Application
(1) What level of final surface finish might the mold require for electroplating in order to better release the parts?
(2) Does it need to achieve a paper-like surface finish or a diamond-like surface finish? Does it require shot peening and polishing treatment?
(3) What requirements need to be met to prevent corrosion and wear?
All these questions should be well answered before processing the mold.
Due to new technologies and the development of aluminum templates, especially for the design of injection molds, aluminum molds are increasingly being used in areas such as blow molds, R.I.M. molds, rubber molds, structural foam molds, and R.T.M. molds. Although they may not be suitable for all application areas, in fact, their use has become increasingly common.
Extend Service Life
Everyone hopes to extend the service life of molds. When using traditional tool steel to make molds, their surfaces are plated with hard chrome or nickel, or coated with more specialized engineering coatings. This helps prevent surface wear or corrosion and facilitates better demolding. Later, in pursuit of the same goal, aluminum molds began to be used, and practical solutions were found.
Gloss Level
In order to be able to injection mold parts with good decorative qualities, manufacturers not only aim to extend the service life of molds but also hope that the surface of aluminum molds can maintain a certain level of gloss. Therefore, it is recommended to use a non-electrolytic nickel spraying process, as this method helps to prolong the surface finish life of the mold, making it relatively easier to produce decorative parts.
Since aluminum is relatively soft, without a surface coating, it is easily worn by plastic, accelerating its damage and thereby changing the gloss of injection-molded parts. A non-electrolytic nickel coating can increase the mold surface by 50RC, which is sufficient to protect and extend the gloss and texture of the mold surface.
Surface Finish
More advantageously, non-electroplated nickel coatings can achieve a better surface finish quality than the aluminum material itself. However, it must be noted that before the mold can be electroplated, some surface treatment is required first. For example, to reach lens-grade quality, it is recommended to first machine the surface of the aluminum mold to an SPIA-3 finish level, and then apply a 0.0003~0.0005 high-phosphorus non-electroplated nickel coating before further polishing to achieve diamond-grade surface quality.
On the other hand, this process saves a significant amount of time and cost. Under normal circumstances, aluminum can also have various defects, which are often invisible to the naked eye and can only be clearly seen on injection-molded parts. This will inevitably lead to material wastage and time spent returning to the trial bench for re-testing to analyze and correct the problems. Non-electroplated nickel coatings help eliminate these defects before mold production or minimize them.
Since the non-electroplated nickel coating is uniformly deposited on all surfaces of the mold, it covers the entire part, including all threaded holes and pin holes, effectively improving the structural integrity of the aluminum mold. Another advantage is that the application of the non-electroplated nickel coating does not affect the properties of the aluminum material, as it is applied under low-temperature conditions of 180°C.
Corrosion Protection and Water Lines
If corrosion is a concern, using nickel-PTFE coatings, boron nitride nickel coatings, and electroless nickel coatings will provide the best corrosion protection.

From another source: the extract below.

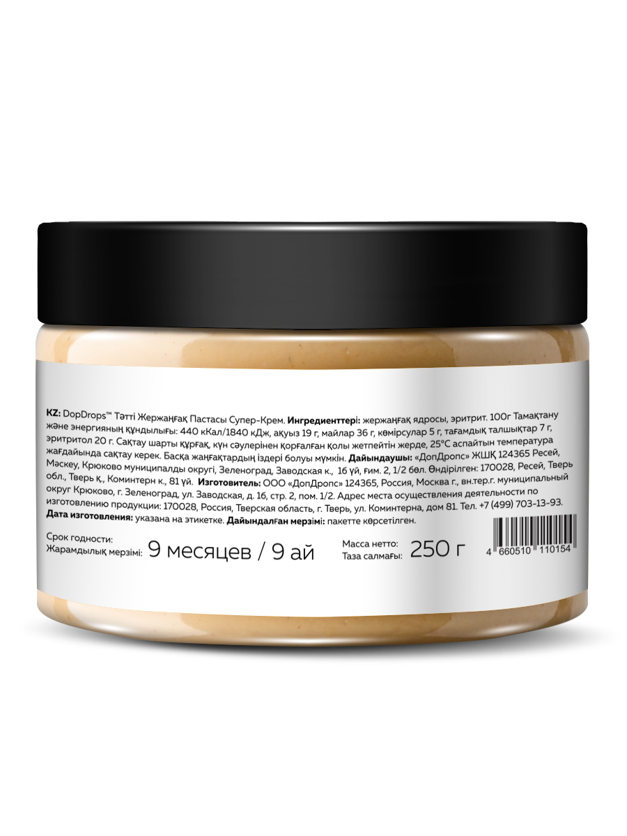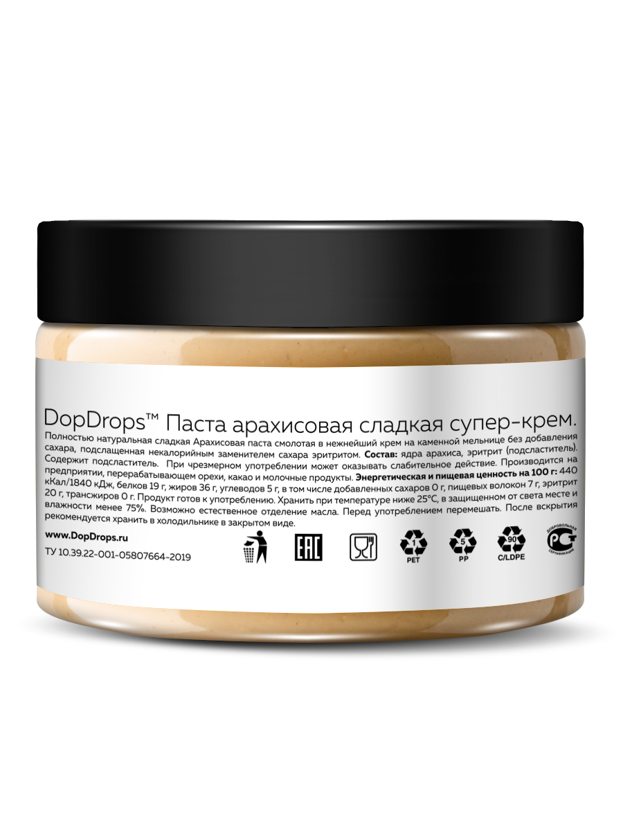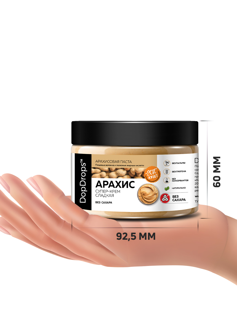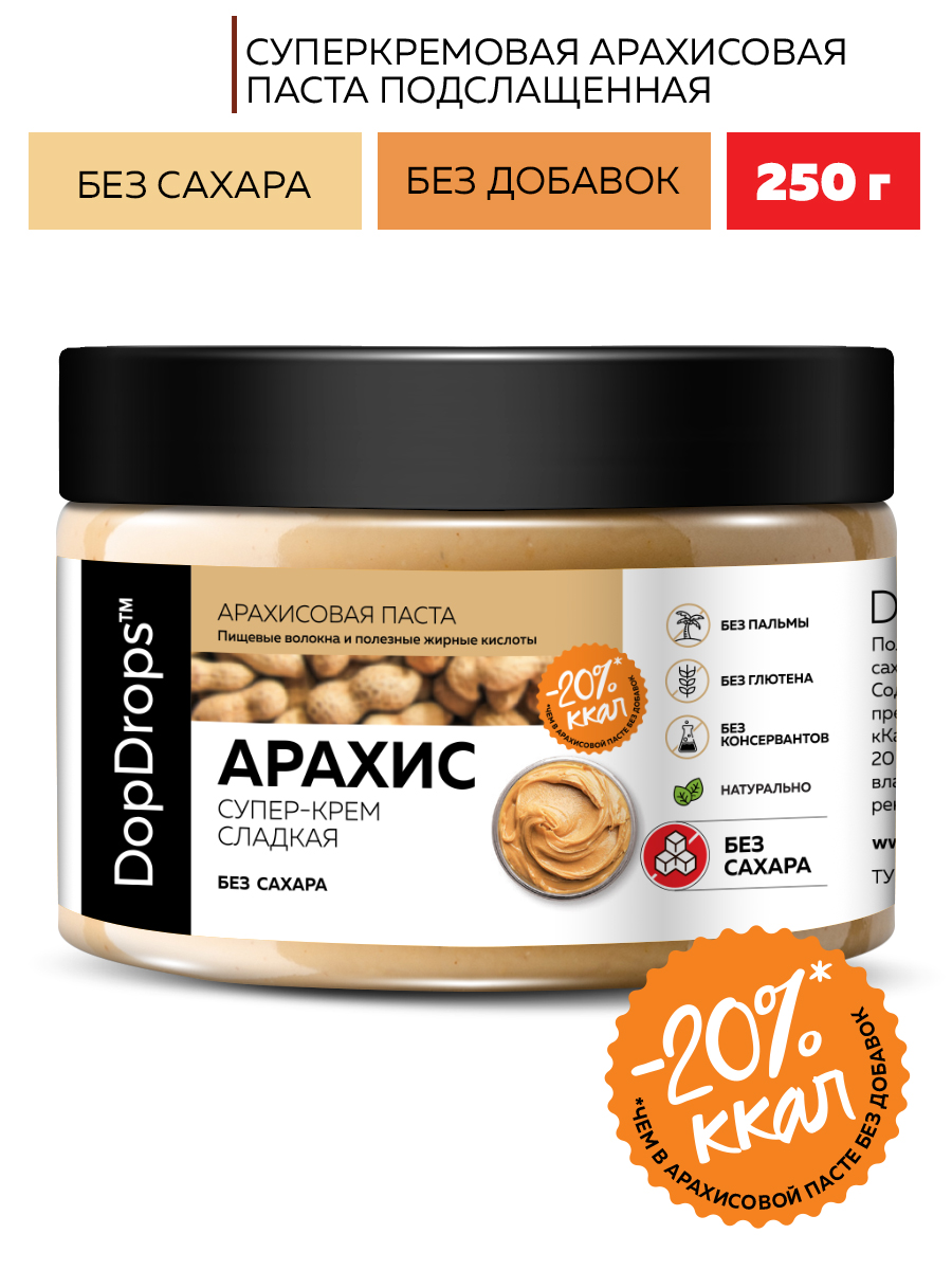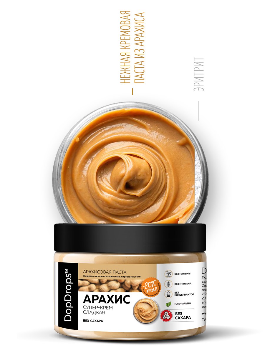 Арахисовая паста супер крем сладкая от DopDrops – это не только вкусный, но и полезный продукт с огромным количеством витаминов и необходимых микроэлементов. Сладкая, но без сахара, уникальная по своим свойствам. В этой пасте сочетается легкая естественная и приятная сладость и нежная кремовая текстура перемолотого арахиса. Паста из арахиса без сахара станет незаменимым дополнением к вашему правильному питанию, а также прекрасным угощением для всей семьи.

After applying any of the above types of engineering coatings, there is no longer any need to spray additional protective or anti-corrosion layers on the mold during production downtimes.
Water lines can also benefit from the electroless nickel coating on aluminum molds. If used, there is no need to worry about water line shrinkage or the white, scale-like coating, and it can reduce processing cycles, because plating materials can effectively eliminate these issues. Therefore, as long as the plug is not removed from the mold before application, the water lines will also be covered by the coating once the entire mold is sprayed.
At 50 RC, directly sprayed electroless nickel coatings can provide general wear protection, though optimal protection can be achieved with PVC gas; nickel-PTFE coatings at 50 RC offer moderate wear protection, improve lubricity, and provide good corrosion protection; while boron nitride nickel coatings at 54 RC provide excellent wear resistance, as well as good release performance and corrosion protection.